Let's you use a Tahoe Grid as the storage backend for a Django
FileField. 

Written by Anders Pearson at the Columbia Center For New Media
Teaching and Learning (http://ccnmtl.columbia.edu/)

## how to use it

It would look something like this (in your apps' models.py):


    from tahoestorage.storage import TahoeStorage
    ts = TahoeStorage()
    
    class Whatever(models.Model):
        file = models.FileField(upload_to='a/b/c/', storage=ts)

### settings

This expects a certain configuration though. You (obviously) need to
have a Tahoe grid running. In your settings, you will then need to
set:

TAHOE_STORAGE_BASE_URL

The base URL for accessing your grid. 
Probably something like "http://localhost:3456/"
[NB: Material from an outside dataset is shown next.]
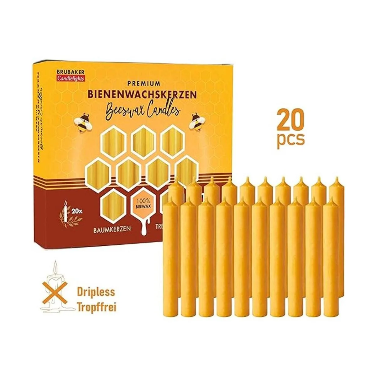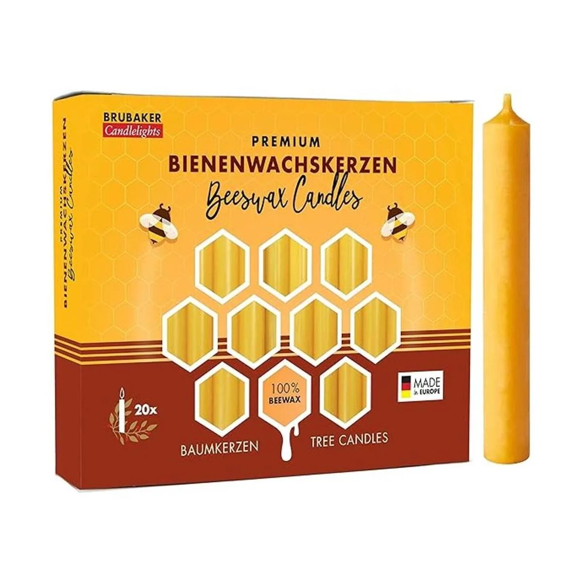 BRUBAKER Velas de árbol 100 cera de abeja, paquete de 20 unidades, color miel, 3.7 x 0.5 in, fabricadas en Europa, pirámides, carruseles y campanillas

A localhost URL is recommended, which means you need to run a Tahoe
Node (it doesn't have to be a storage node) on the same machine as
your Django app is running on.

TAHOE_STORAGE_BASE_CAP

A R/W directory CAP to use as the "root" of your django
storage. You'll want to use the Tahoe web or commandline api to make a
new directory in your Tahoe grid and then take note of the CAP. This
becomes a very important value which you will want to take precautions
to not lose. If you manage to lose/forget the base CAP, you will
effectively lose access to everything stored under it. Tattoo it on
your forehead if necessary.

TAHOE_PUBLIC_BASE_URL

If your django app is going to be public facing, you will need at
least one Tahoe node that is configured to accept connections from
outside hosts. Either configure a node this way or run one behind an
apache/lighttpd/nginx proxy (this can be a good setup since you can
restrict it to read-only GET requests and avoid making your grid
publically writeable). This value will then be the base of download
URLs generated. If the django app is for internal use only and
everyone has a Tahoe node running on their machine, you can set this
to "http://localhost:3456/" and file downloads will come directly via
Tahoe (this is the most efficient way to do it as it will take full
advantage of the bittorrent style swarming that Tahoe does). But
obviously, that won't work for a public site. 

## Performance

Probably not very good. The way Tahoe works and the way Django expects
to interact with a storage layer are not the most compatible. Tahoe
doesn't provide a way to traverse multiple directory levels in a
single step. Each directory level it has to go down requires a
synchronous HTTP request/response. 

As a consequence, I recommend as minimal an 'upload_to' structure as
you think you can get away with. The catch is that if there are too
many files in a directory, the amount of data sent back on each query
gets very large and also slows things down, so you don't want to go
too minimal. 

I'm working on some other approaches and caching can help, but this
will probably never be as performant as a local filestorage backend. 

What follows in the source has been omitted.